Task instructions - Your copy must start with the line containing "الشيخ/ محمد بن" and end with the last line of the entries, matching them exactly and leaving out every picture.

Supplied information -

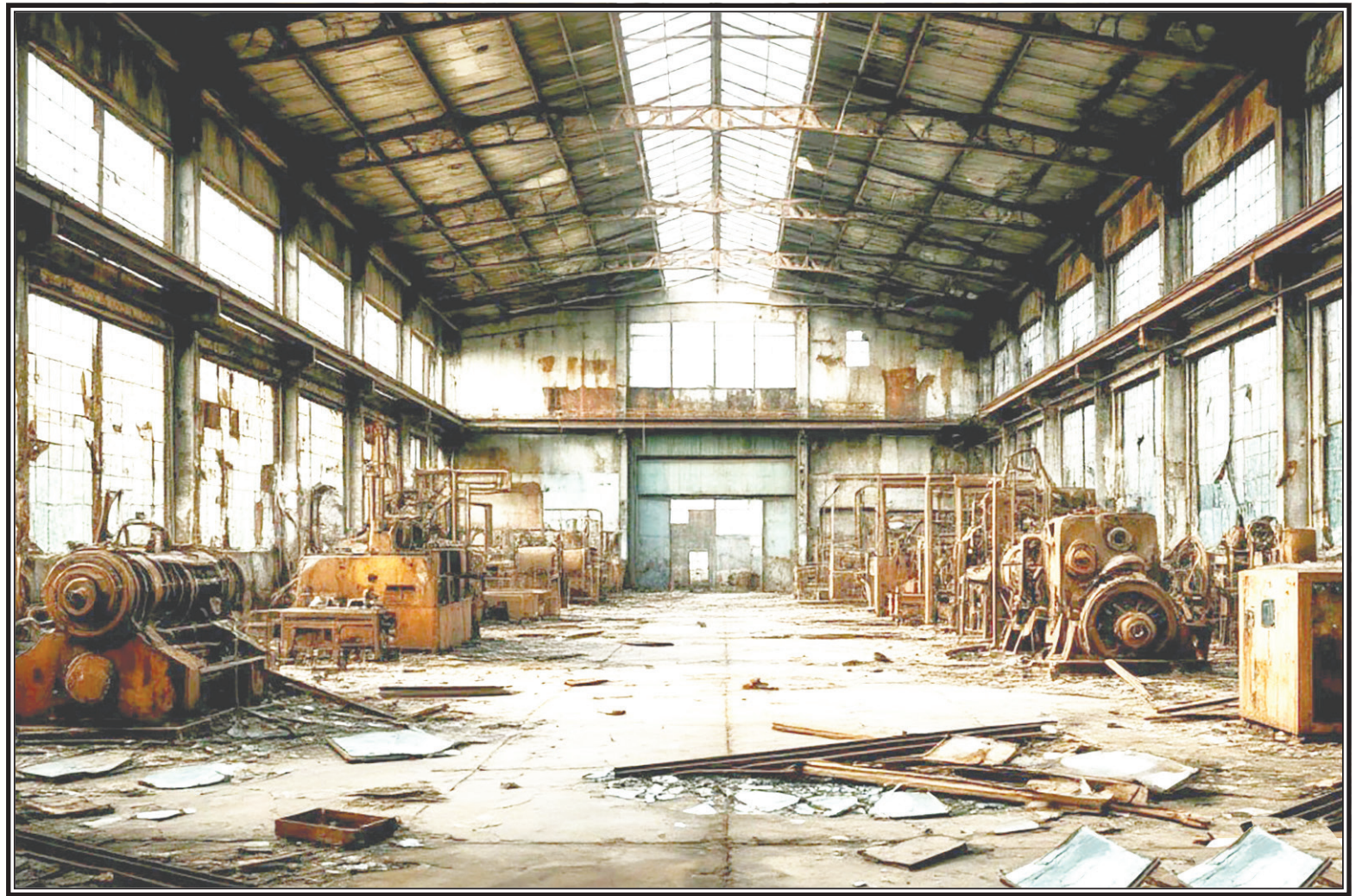
Изображение создано ИИ
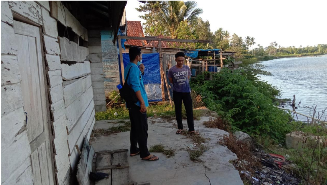
Wawancara kepada salah satu anggota karang taruna Desa Besu, Kec. Morosi Yang rumahnya terkena dampak dari longsor akibat penambangan
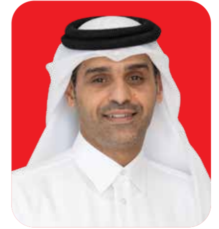
الشيخ/ محمد بن عبدالله آل ثاني رئيس مجلس الإدارة
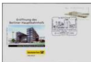
Eröffnung des Berliner HbHf. SSt Berlin 27.5.2006 BD-DP K 270506 ausv.
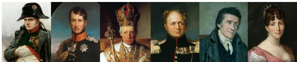
Napoléon Bonaparte – König Friedrich Wilhelm III. von Preussen – Kaiser Franz I. von Österreich – Zar Alexander I. von Russland – Heinrich Pestalozzi – Hortense de Beauharnais, Ex-Königin von Holland und Mutter von Napoléon III.
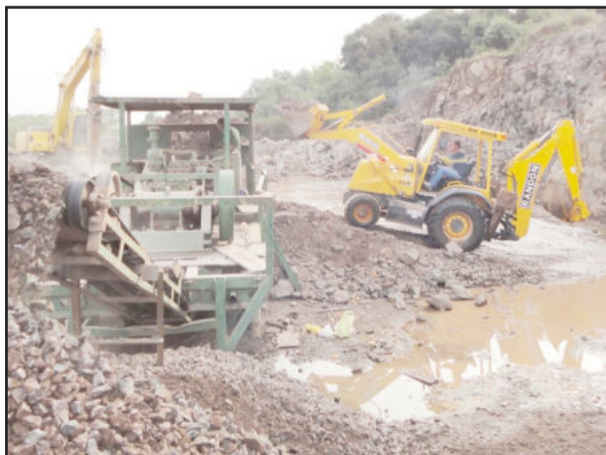
Britador produz material britado de excelente qualidade para as estradas

Expected answer -
الشيخ/ محمد بن عبدالله آل ثاني رئيس مجلس الإدارة
Eröffnung des Berliner HbHf. SSt Berlin 27.5.2006 BD-DP K 270506 ausv.
Napoléon Bonaparte – König Friedrich Wilhelm III. von Preussen – Kaiser Franz I. von Österreich – Zar Alexander I. von Russland – Heinrich Pestalozzi – Hortense de Beauharnais, Ex-Königin von Holland und Mutter von Napoléon III.
Britador produz material britado de excelente qualidade para as estradas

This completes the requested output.